Other popular ideas included legalizing online poker in the United States, and focusing on green initiatives. One post suggested the administration investigate UFOs, and another suggested Obama hire entertainment personalities including Michael Moore, Jon Stewart, Bill Maher, and Stephen Colbert. After voting had closed, the most popular suggestion with 92,000 votes was "Ending marijuana prohibition", and the third most popular: "Stop using federal resources to undermine states' medicinal marijuana laws." A representative for President Obama, Jen Psaki, told Reuters: "President Obama does not support the legalization of marijuana."

==Release==

President Barack Obama discussing the Citizen's Briefing Book
(May 11, 2009)

The Obama administration released the Citizen's Briefing Book to the public on May 11, 2009, the same day that President Obama announced the renaming of the White House Office of Public Liaison to the Office of Public Engagement. "Many of the ideas you offer, from improving light rail transit to modernizing our energy grid to creating a new service corps, have been embraced by my administration," said President Obama in a video released along with the briefing book.

==Reception==
Writing for The Christian Science Monitor, David Peck described the initiative as part of "a good foundation" of reaching out to individuals.
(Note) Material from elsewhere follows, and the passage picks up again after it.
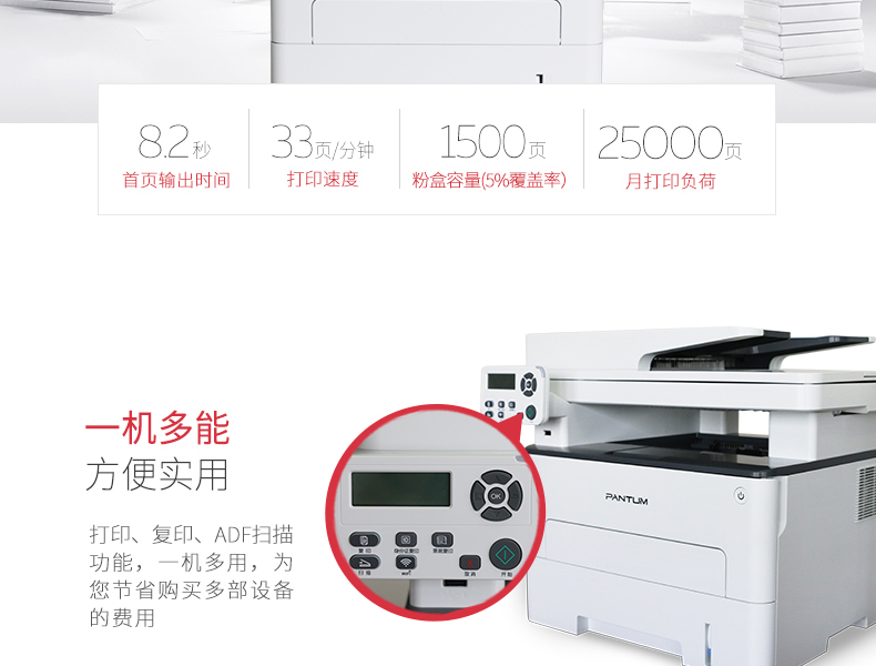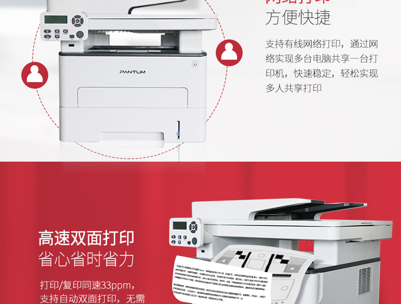 >奔图(PANTUM)M7100DN 多功能一体机 A4黑白激光打印机 多功能一体机 家庭办公高速打印

Douglas MacMillan of Business Week noted that the Obama transition site Change.gov "won praise for its clean look and Citizen's Briefing Book feature". Joel Hood of the Chicago Tribune highlighted some of the more eccentric suggestions posted, commenting: "As if President Barack Obama doesn't have enough on his plate, he's about to hear the voice of the people, in all its eccentric glory."
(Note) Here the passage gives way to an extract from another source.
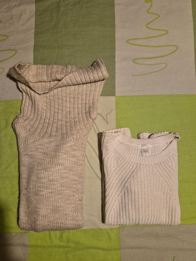 2 Jerseys H&M crudo cuello alto y cuello redondo

Morton Marcus commented in the Indianapolis Business Journal: "I see the virtue of being open to the public’s concern. I cannot imagine that the president will give attention to issues based on their popularity." In noting that the first and third-most popular items voted upon involved the legalization of marijuana, Andy Sullivan of Reuters commented on President Obama's efforts to solicit opinions from citizens on legislation: "That approach can deliver unexpected results."